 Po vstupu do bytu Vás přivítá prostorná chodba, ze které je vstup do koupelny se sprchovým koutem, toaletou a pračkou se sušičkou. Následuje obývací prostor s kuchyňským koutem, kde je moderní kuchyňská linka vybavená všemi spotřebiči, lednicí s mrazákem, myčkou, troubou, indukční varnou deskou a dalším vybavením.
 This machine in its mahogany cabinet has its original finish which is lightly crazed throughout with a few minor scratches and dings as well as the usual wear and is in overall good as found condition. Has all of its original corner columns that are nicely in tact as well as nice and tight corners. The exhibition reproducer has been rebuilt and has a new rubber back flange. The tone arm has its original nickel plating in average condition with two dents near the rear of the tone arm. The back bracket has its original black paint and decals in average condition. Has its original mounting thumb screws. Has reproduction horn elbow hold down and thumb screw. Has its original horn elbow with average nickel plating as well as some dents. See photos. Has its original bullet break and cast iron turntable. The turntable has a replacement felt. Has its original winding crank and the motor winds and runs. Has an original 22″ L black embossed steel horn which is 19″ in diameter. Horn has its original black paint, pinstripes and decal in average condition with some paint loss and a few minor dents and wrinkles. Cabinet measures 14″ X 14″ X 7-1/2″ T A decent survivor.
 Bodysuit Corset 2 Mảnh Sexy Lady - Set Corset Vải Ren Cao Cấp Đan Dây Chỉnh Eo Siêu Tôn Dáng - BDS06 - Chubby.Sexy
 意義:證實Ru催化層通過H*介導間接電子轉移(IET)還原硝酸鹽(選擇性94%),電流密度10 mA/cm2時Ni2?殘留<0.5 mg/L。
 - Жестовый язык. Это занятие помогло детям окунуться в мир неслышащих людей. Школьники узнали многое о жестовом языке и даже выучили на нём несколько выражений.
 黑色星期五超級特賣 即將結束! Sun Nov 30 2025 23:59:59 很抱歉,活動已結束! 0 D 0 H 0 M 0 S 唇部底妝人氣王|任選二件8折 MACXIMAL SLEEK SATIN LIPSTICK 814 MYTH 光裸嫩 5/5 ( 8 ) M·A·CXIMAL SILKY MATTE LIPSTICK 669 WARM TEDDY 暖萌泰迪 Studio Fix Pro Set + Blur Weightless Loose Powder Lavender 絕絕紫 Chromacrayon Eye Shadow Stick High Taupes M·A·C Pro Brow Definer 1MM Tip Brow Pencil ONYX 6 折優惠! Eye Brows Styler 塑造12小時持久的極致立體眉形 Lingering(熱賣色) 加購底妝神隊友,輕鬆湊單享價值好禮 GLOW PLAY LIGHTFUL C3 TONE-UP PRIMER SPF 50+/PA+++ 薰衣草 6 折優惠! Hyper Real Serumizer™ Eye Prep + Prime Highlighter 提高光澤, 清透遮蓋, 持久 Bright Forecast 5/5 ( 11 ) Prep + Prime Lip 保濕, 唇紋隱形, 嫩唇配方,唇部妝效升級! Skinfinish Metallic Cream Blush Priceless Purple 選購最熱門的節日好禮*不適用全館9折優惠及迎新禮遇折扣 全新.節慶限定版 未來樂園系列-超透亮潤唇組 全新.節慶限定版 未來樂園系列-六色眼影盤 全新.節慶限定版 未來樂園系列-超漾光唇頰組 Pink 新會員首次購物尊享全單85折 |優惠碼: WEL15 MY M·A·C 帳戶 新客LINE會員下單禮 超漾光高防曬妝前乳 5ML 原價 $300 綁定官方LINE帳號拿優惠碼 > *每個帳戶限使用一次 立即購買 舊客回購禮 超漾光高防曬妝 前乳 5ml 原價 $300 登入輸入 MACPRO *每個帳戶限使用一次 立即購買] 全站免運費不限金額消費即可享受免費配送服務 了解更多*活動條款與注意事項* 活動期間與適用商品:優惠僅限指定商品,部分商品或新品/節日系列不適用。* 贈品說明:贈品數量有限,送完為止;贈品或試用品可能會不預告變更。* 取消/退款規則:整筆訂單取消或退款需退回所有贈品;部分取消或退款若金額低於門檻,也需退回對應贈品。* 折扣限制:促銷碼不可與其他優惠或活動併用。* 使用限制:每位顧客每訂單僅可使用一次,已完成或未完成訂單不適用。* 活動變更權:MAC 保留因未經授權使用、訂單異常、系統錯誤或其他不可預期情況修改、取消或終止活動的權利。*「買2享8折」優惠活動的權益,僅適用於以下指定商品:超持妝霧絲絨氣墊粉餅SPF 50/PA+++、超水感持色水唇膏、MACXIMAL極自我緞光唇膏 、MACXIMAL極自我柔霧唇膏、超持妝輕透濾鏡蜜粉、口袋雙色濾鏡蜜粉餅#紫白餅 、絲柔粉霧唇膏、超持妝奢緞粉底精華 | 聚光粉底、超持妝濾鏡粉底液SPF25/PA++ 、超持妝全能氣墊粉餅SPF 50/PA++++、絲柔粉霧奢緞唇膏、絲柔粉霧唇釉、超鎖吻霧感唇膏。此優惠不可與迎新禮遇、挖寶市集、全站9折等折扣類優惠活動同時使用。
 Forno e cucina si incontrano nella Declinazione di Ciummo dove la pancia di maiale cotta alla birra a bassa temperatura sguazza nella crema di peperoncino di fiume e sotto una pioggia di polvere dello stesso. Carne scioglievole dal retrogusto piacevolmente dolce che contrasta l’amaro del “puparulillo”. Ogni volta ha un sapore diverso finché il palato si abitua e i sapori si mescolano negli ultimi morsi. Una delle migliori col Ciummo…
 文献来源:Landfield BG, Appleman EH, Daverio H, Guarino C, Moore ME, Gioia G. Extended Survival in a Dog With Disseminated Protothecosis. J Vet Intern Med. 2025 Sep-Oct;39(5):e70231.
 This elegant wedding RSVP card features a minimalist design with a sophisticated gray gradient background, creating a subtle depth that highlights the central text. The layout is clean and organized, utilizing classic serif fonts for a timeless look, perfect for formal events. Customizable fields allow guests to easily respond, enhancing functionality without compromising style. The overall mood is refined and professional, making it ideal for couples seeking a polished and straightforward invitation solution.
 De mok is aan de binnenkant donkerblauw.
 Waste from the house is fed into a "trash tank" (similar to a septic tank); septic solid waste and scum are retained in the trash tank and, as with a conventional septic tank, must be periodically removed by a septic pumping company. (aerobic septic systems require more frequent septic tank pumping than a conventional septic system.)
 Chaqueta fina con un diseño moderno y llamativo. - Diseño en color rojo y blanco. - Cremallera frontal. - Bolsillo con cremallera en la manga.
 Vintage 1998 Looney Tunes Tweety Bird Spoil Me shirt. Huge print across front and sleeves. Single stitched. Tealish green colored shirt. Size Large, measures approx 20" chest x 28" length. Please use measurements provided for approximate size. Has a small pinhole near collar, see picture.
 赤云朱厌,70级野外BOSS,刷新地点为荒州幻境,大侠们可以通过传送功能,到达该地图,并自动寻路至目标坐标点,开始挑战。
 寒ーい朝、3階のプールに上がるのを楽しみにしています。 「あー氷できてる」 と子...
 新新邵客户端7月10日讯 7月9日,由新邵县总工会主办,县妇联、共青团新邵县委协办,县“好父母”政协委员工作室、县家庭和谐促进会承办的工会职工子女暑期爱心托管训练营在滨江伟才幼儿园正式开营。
◆ ◆ ◆ ◆
The lines above from the one with "This elegant wedding" through the one with "寒ーい朝、3階のプールに上がるのを楽しみにしています。 「あー氷できてる」 と子..." are to be duplicated exactly, ends included, with nothing added.

* **ANSWER SECTION**:
 This elegant wedding RSVP card features a minimalist design with a sophisticated gray gradient background, creating a subtle depth that highlights the central text. The layout is clean and organized, utilizing classic serif fonts for a timeless look, perfect for formal events. Customizable fields allow guests to easily respond, enhancing functionality without compromising style. The overall mood is refined and professional, making it ideal for couples seeking a polished and straightforward invitation solution.
 De mok is aan de binnenkant donkerblauw.
 Waste from the house is fed into a "trash tank" (similar to a septic tank); septic solid waste and scum are retained in the trash tank and, as with a conventional septic tank, must be periodically removed by a septic pumping company. (aerobic septic systems require more frequent septic tank pumping than a conventional septic system.)
 Chaqueta fina con un diseño moderno y llamativo. - Diseño en color rojo y blanco. - Cremallera frontal. - Bolsillo con cremallera en la manga.
 Vintage 1998 Looney Tunes Tweety Bird Spoil Me shirt. Huge print across front and sleeves. Single stitched. Tealish green colored shirt. Size Large, measures approx 20" chest x 28" length. Please use measurements provided for approximate size. Has a small pinhole near collar, see picture.
 赤云朱厌,70级野外BOSS,刷新地点为荒州幻境,大侠们可以通过传送功能,到达该地图,并自动寻路至目标坐标点,开始挑战。
 寒ーい朝、3階のプールに上がるのを楽しみにしています。 「あー氷できてる」 と子...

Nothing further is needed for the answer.